• **EXERCISE GOAL**
Copy out all of the data word for word. Omit every picture.

• **SUPPLIED MATERIAL**

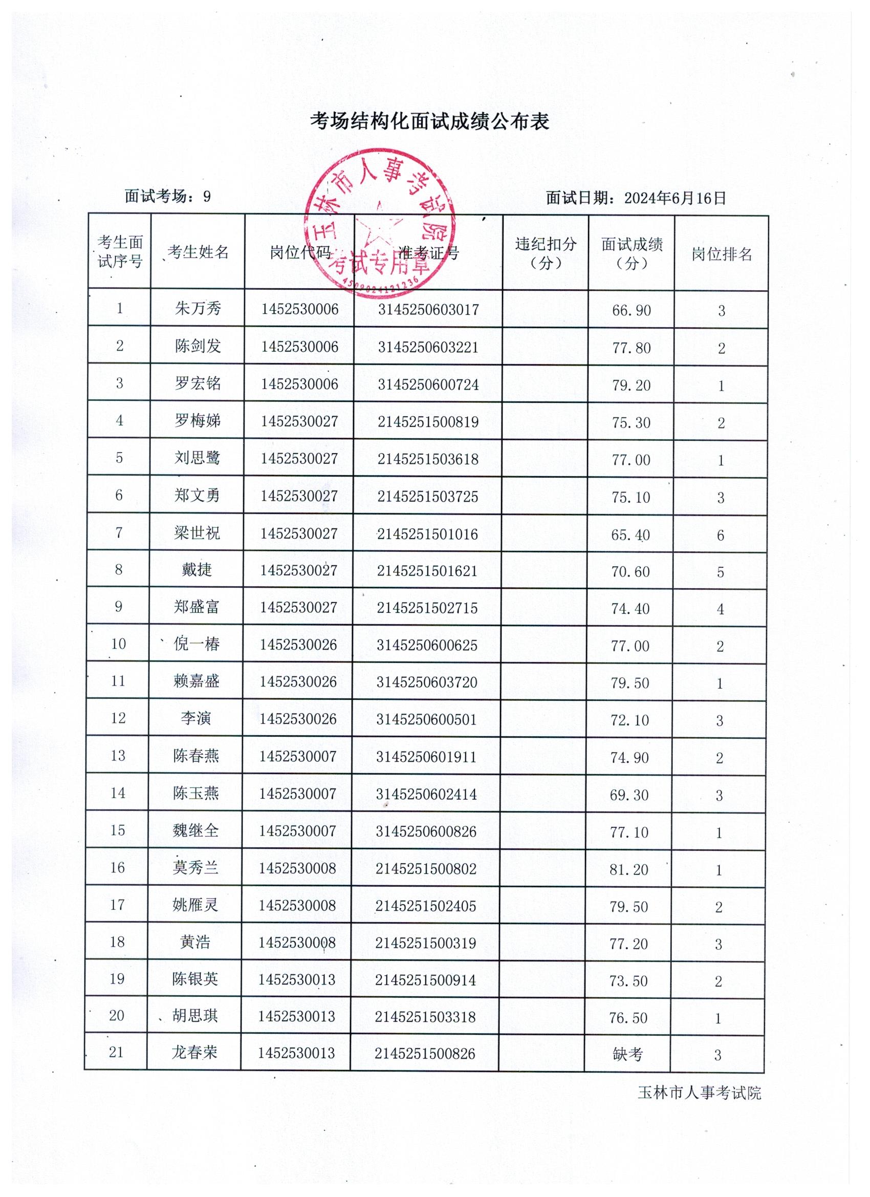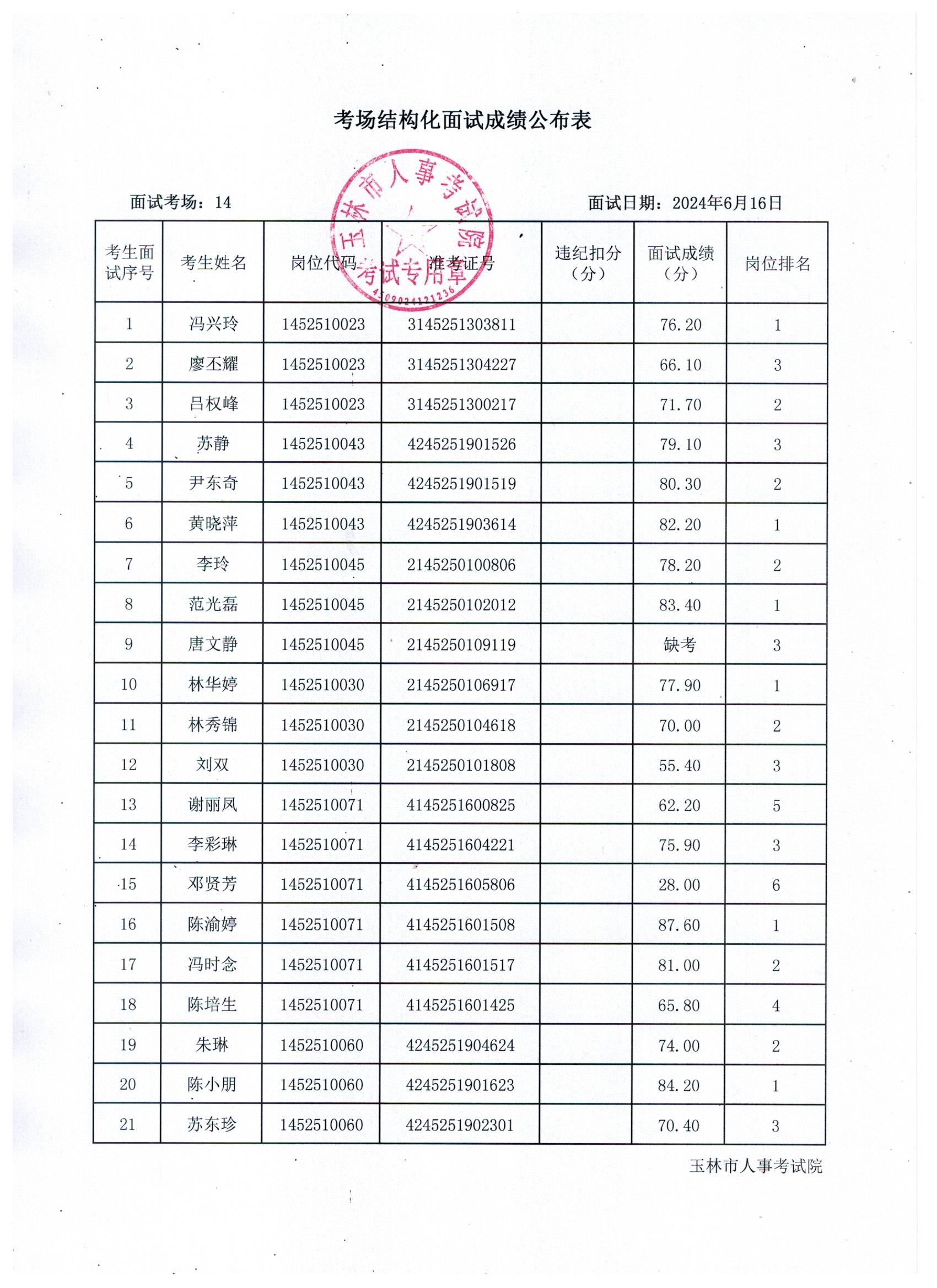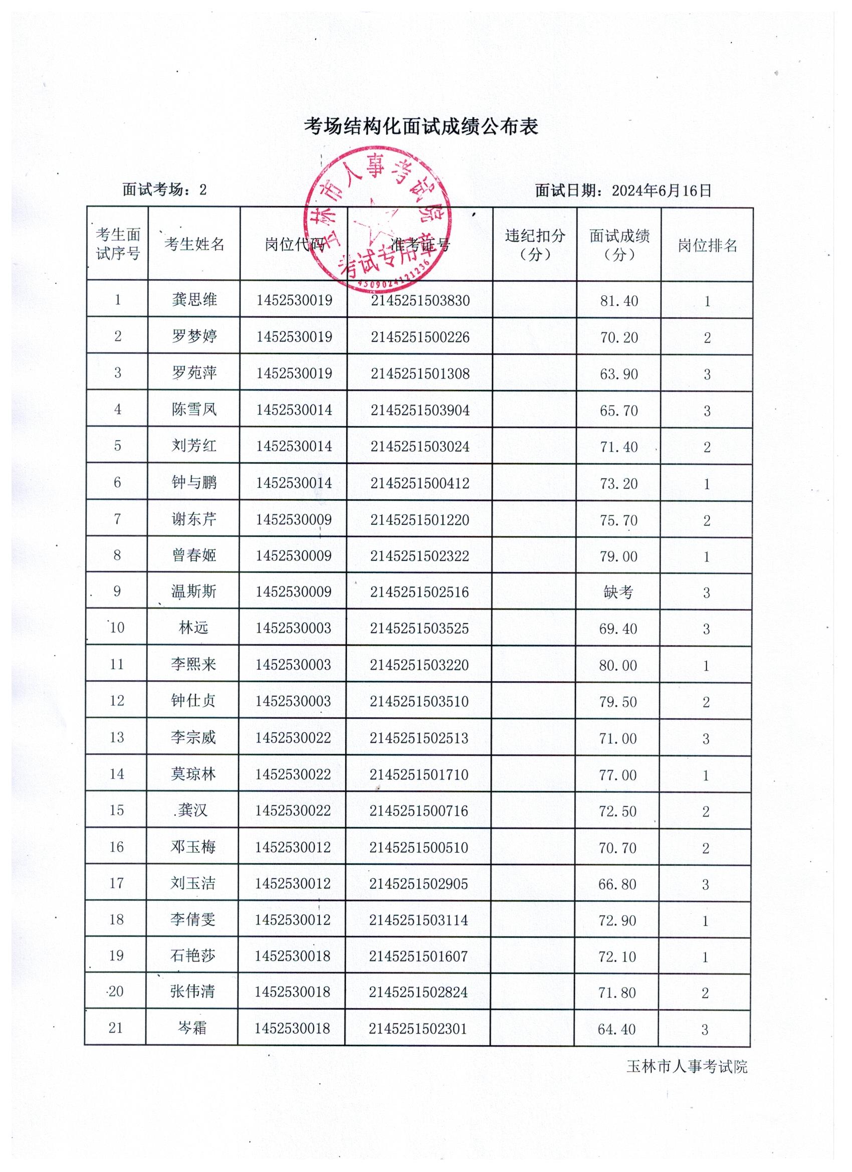 原文標題:2024年玉林市直(含玉州區、福綿區、玉東新區)事業單位公開招聘人員面試成績公布(6月16日)
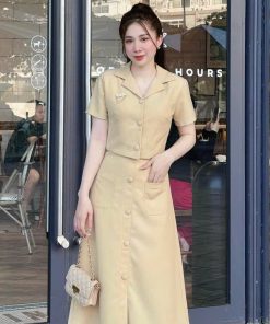 SET COTTON LẠNH PHỐI CHÂN VÁY DÀI LƯNG THUN KHÓA KÉO NÚT BỌC BT105T- SAM FREESIZE < 53KG
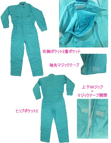 つなぎ オールインワン 長袖 ロング丈パンツ 作業着 イベントオールインワン エメラルドブルー L ONE0105(9000-3)ワークウェア
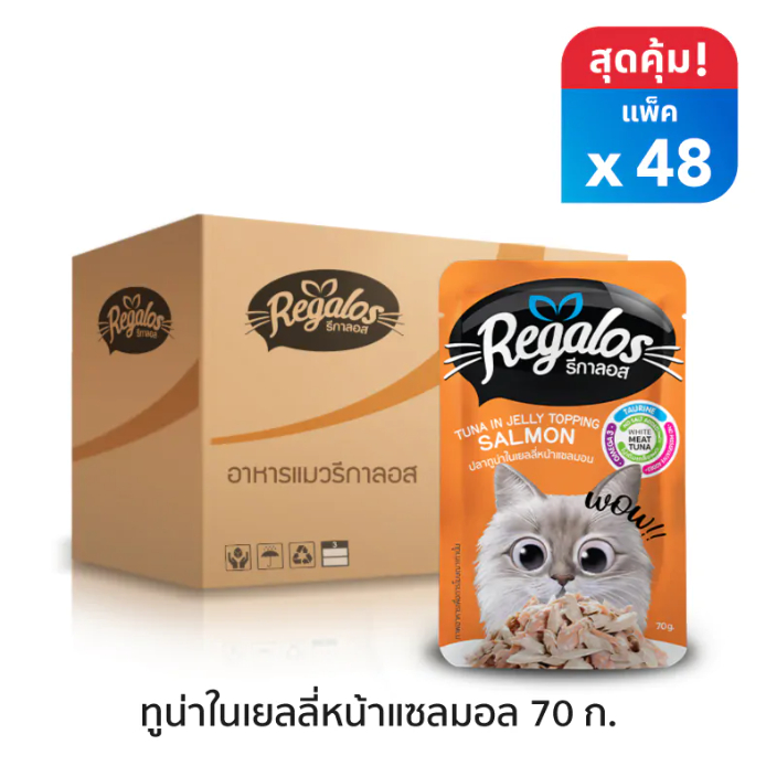 Regalos Tuna in Jelly Topping Salmon รีกาลอส อาหารแมวแบบเปียก ปลาทูน่าในเยลลี่หน้าปลาแซลมอน (70g)

• **OUTPUT OF THE EXERCISE**
 原文標題:2024年玉林市直(含玉州區、福綿區、玉東新區)事業單位公開招聘人員面試成績公布(6月16日)
 SET COTTON LẠNH PHỐI CHÂN VÁY DÀI LƯNG THUN KHÓA KÉO NÚT BỌC BT105T- SAM FREESIZE < 53KG
 つなぎ オールインワン 長袖 ロング丈パンツ 作業着 イベントオールインワン エメラルドブルー L ONE0105(9000-3)ワークウェア
 Regalos Tuna in Jelly Topping Salmon รีกาลอส อาหารแมวแบบเปียก ปลาทูน่าในเยลลี่หน้าปลาแซลมอน (70g)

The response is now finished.